Material for this task:
BEGIN
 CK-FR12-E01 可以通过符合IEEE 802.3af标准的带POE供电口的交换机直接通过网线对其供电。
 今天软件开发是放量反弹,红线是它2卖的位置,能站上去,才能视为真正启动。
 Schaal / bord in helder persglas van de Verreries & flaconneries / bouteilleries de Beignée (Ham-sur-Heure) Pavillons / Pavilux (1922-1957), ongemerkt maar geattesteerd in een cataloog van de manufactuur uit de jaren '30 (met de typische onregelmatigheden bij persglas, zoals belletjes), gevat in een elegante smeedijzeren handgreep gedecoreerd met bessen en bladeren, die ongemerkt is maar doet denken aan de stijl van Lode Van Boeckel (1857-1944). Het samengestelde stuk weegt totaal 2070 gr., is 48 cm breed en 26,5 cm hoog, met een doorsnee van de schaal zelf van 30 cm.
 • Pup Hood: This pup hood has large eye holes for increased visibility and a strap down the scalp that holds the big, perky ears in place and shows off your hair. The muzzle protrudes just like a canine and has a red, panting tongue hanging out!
END
BEGIN
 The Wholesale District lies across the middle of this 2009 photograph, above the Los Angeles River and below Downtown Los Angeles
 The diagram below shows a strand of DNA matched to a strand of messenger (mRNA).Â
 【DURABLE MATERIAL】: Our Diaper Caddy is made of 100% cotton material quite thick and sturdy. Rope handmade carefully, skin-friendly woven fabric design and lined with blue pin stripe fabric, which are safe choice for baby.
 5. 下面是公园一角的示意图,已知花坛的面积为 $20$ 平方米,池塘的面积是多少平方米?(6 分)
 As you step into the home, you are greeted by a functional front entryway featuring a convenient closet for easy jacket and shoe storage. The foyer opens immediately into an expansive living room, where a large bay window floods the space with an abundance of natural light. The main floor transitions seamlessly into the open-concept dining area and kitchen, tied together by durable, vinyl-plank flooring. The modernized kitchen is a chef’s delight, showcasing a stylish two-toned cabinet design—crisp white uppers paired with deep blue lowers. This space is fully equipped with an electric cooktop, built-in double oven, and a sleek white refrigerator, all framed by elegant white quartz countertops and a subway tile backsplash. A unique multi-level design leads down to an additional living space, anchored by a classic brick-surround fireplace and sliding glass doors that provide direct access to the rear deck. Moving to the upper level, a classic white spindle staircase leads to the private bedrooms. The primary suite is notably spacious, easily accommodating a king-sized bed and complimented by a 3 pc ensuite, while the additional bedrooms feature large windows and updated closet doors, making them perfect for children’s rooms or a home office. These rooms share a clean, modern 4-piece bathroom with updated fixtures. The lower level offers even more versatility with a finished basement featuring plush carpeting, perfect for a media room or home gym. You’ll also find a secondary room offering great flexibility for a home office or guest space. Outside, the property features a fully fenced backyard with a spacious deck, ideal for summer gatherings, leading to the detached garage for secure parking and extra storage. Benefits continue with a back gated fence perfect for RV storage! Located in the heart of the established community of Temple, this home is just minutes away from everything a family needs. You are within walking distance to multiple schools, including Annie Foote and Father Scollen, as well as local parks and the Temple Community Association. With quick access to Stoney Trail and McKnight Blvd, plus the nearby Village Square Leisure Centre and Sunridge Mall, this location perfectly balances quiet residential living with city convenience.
END
BEGIN
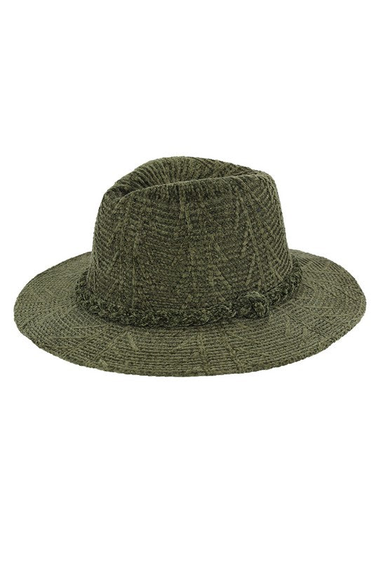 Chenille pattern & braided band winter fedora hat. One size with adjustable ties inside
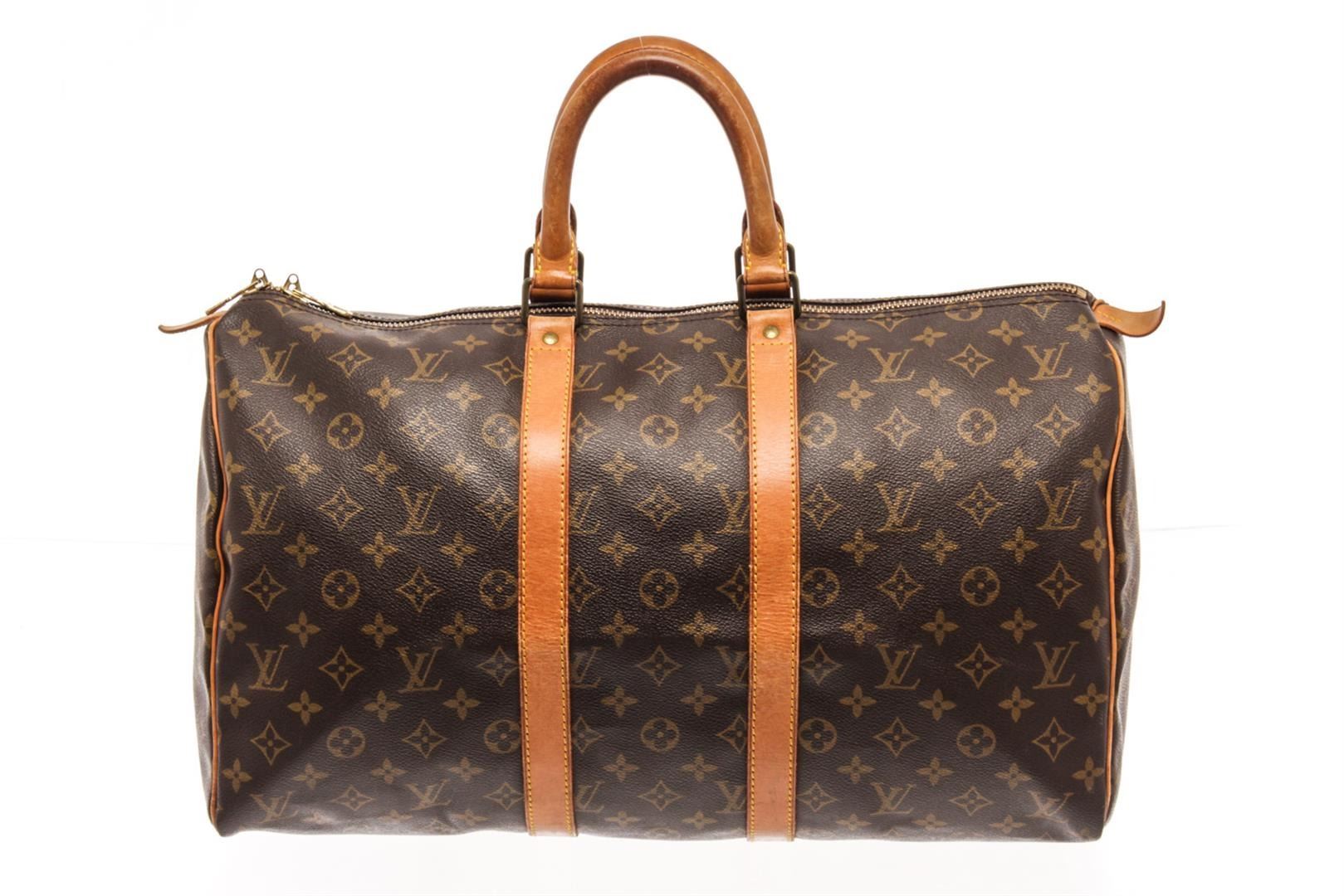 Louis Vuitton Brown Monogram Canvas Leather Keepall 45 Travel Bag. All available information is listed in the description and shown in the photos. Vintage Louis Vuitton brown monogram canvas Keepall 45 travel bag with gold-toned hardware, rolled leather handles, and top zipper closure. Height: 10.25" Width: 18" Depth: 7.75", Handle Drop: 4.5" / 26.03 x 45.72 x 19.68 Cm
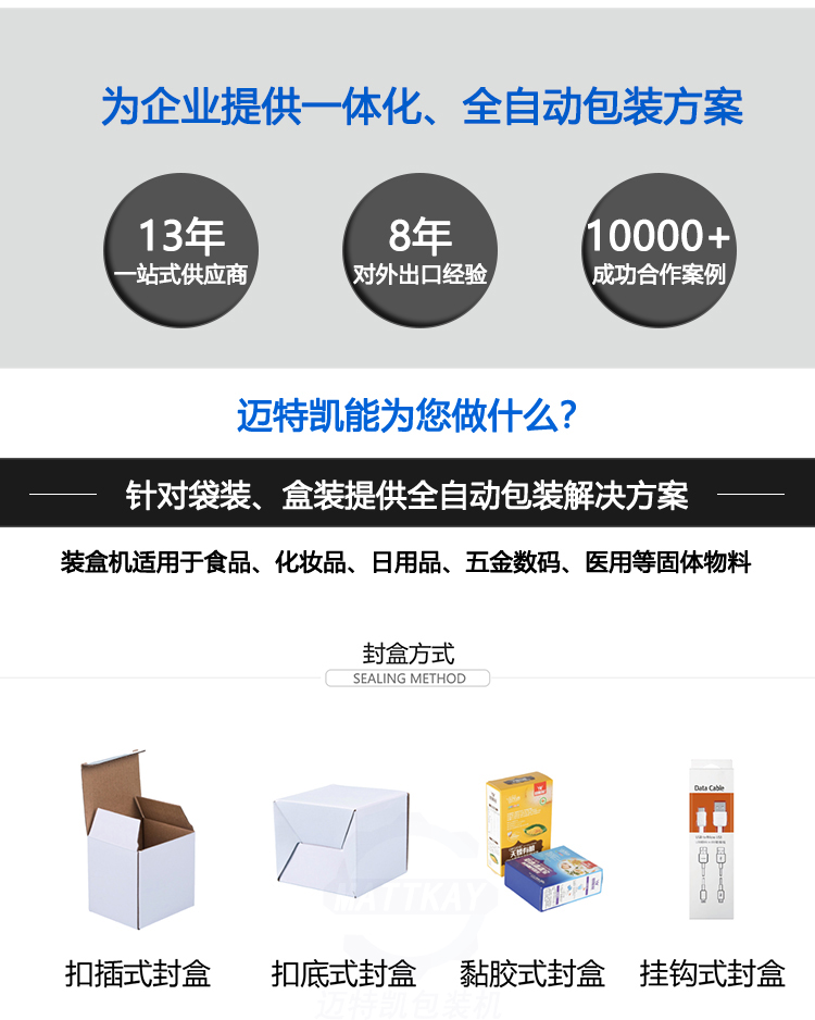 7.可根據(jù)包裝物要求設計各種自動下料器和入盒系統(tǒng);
END
Task requirements: A line in the material may hold the string "below". Report how many do, and write only the number.

Response: 2